Because of this, we will be working on a modified hashing solution
Objectives
- Understanding and implement hashing
- Learn to work with random access files
- Adapt a hashing routine to try to achieve O(1.3) with at most 35% wasted space when working with a very large set of data
Assignment
Link for github classroom:
https://classroom.github.com/a/m4-RJf6S
Phase 1:
- Design a hashing function that creates two numbers. The first number will be used to specify the file. The second number will be used to indicate which record in that file.
- Choose a collision handling function to work with your hashing function.
- You will have access to SellItem.java. Make sure you understand every component. Design two methods (one static), both called hash that will receive an id (or use the id of the item) and hash it. They should return an array with the first item indicated which file and the second item indicated the record in that file.
- Design DataFile.java. This class should only have static methods, constants, and one class variable.
- Class variable: The class variable should count the number of reads/writes. It needs to be able to be reset and the value reported back.
- Constants
- BLOCKSIZE is the number of records that can be stored in a given file. This should be set to 20,000.
- INDEXSIZE is the number of different files allowed. This should be set to 4,000.
- BASENAME is the main part of each data file with the number of which data file appended to the end of it. It should be set to "selldata.".
- Methods. You will need additional methods to find and save a given sell item. Because this class only has class field variables, all methods should be class methods.
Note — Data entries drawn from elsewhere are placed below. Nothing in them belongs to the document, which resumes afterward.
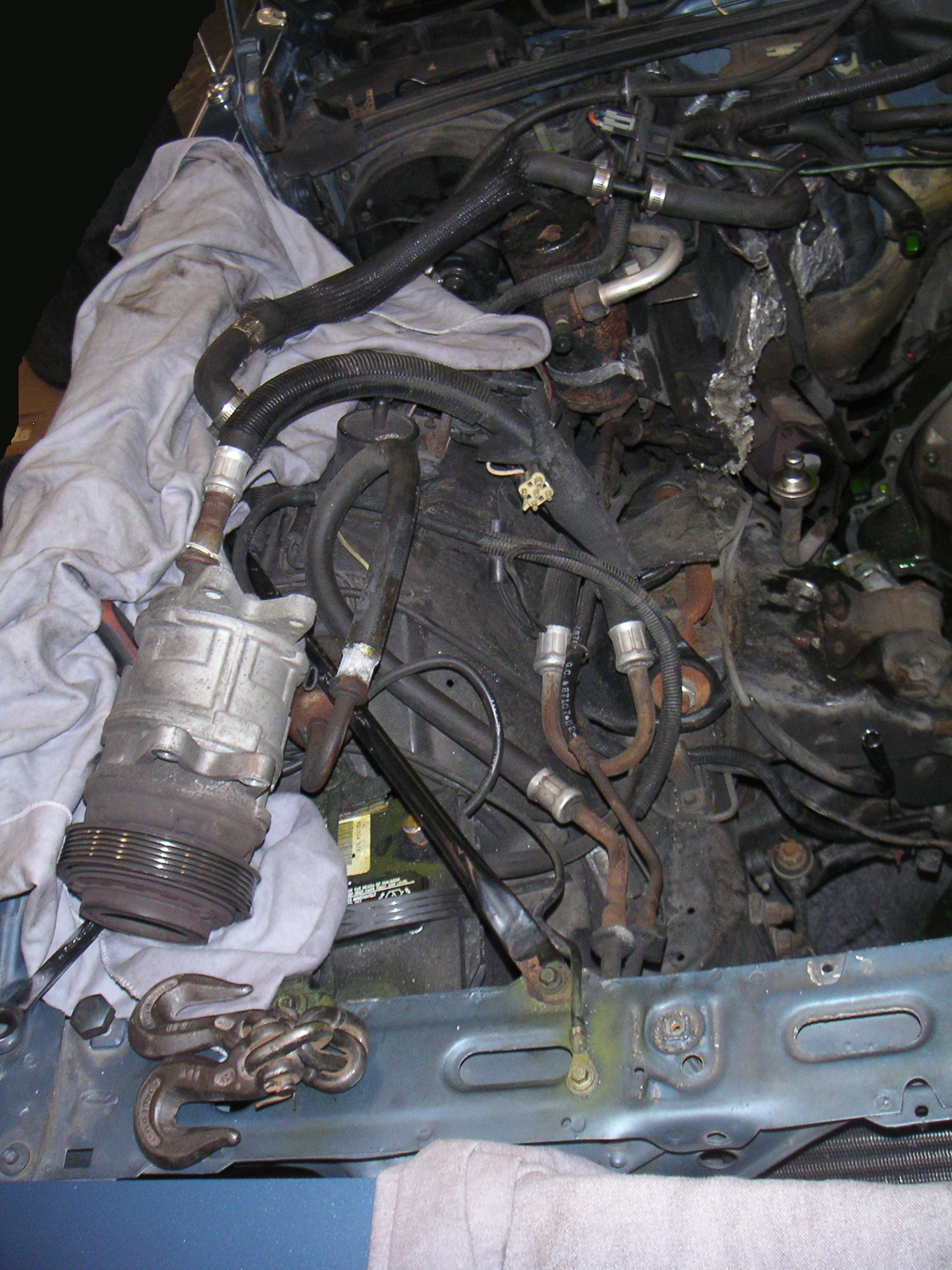 The air conditioning compressor and hoses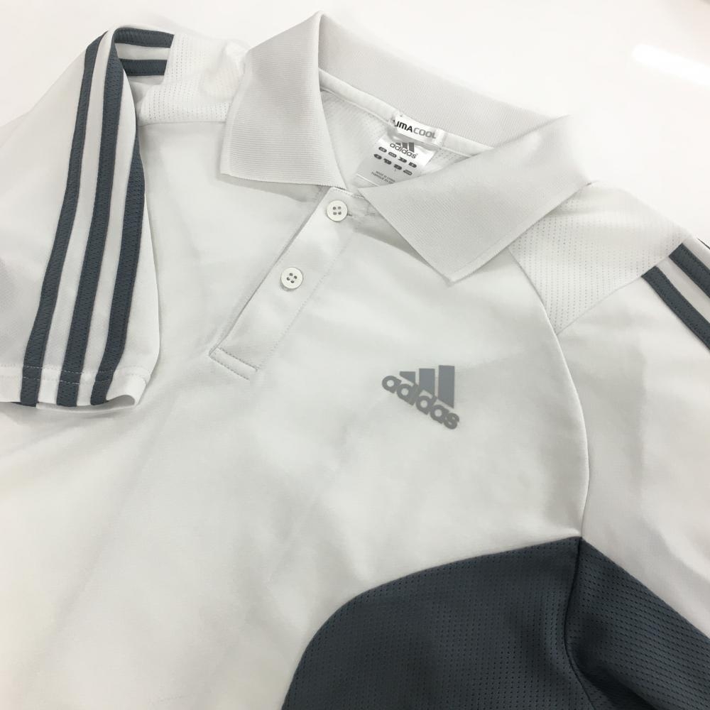 【美品】アディダス 半袖ポロシャツ 白×グレー 袖3ライン メンズ L ゴルフウェア adidas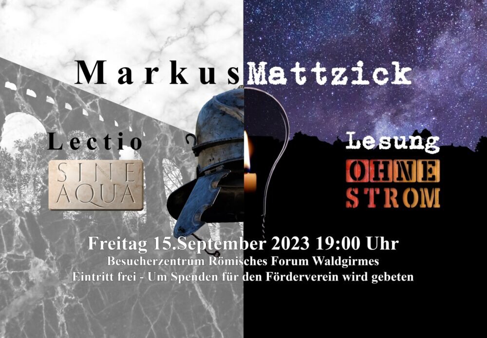 Vom Besucherzentrum aus hat man einen Blick auf die rekonstruierten Grundrisse des Römischen Forum und auf den Hügel, um den sich Umbach ausbreitet. In der Lesung „Sine Aqua (Ohne Wasser), Ohne Strom“ schlägt der in Waldgirmes aufgewachsene Schriftsteller Brücken zwischen der Infrastruktur des Römischen Reiches und der von heute.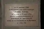 Plaque commémorative au 128, rue du Bac à Paris, à l'entrée des Missions étrangères de Paris, où Pierre Poivre vint en 1740 avant son voyage.

- Serious time should be spent designing the testing plan. You need a couple of small examples to use to test and debug your code Then you need medium size ones. Finally you should have large test cases that you can use to see if you have achieve the benchmarks you wanted.
- Turn in the software design report as a pdf by the due date specified on Canvas.
Phase 2:
- Implement your designs
- Test and debug your code
- Run your code on your large data sets. If you have not achieved the benchmarks, adapt your hashing functions and/or collision handling routines until you do. Document the different methods you use in a second part of your testing report. If you have tried a total of three different hashing functions each with two different collision handling methods and have still not achieved the benchmarks, you may stop. Just be sure to talk about it in your SDR.
Submission instructions for Phase 2
- Complete the SDR.
- Combine your SDR and all of your .java and testing files into one zip folder
- Submit the zip folder on Canvas by the due data specific there.
Restrictions:
- You may not use any Internet resources (other than to look up Java syntax).
- You may use code from this course or last semesters.